Bogdanić Branko, Augustin Goran, Kekez Tihomir, Mijatović Davor, Hlupić Ljiljana, Vanek Maja
University of Zagreb, Zagreb University Hospital Center, Department of Surgery, Zagreb, Croatia.
Coll Antropol. 2012 Mar;36(1):335-8.
Ascending colon cancer as a colocutaneous fistula to the abdominal wall at the site of a previous postoperative scar is extremely rare. A 69 year old male presented with five day history of pain and foul smelling discharge from right subcostal scar from elective cholecystectomy performed 8 years ago. Last three days, he had fever up to 39 degrees C, with mild pain in right upper abdominal quadrant without vomiting, diarrhea, bloody stools or weight loss. Computed tomography, with peroral contrast, revealed extralumination into abdominal wall with several fistulas reaching the skin. Emergency median laparotomy found infiltrating tumor of ascending colon into abdominal wall.
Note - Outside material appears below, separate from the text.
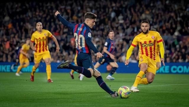 上半场比赛开始,巴萨率先制造威胁,第5分钟,赫罗纳后场传球失误,法蒂断球后突入禁区横传,莱万晃开角度后射门偏出。
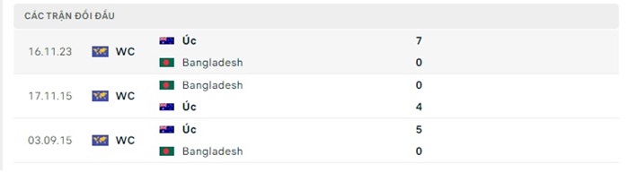 Lịch sử đối đầu của Bangladesh vs Úc

A right hemicolectomy and complete thickness abdominal wall excision (7 x 10 cm) was performed. The abdominal wall defect was too extensive for primary closure and two 20 x 20 cm moist gauzes were placed to cover the defect and were fixed with stitches to the skin. On second postoperative day, due to contamination, porcine dermal collagen implant was placed intraperitoneally. Such emergency presentations and therapeutic options are discussed.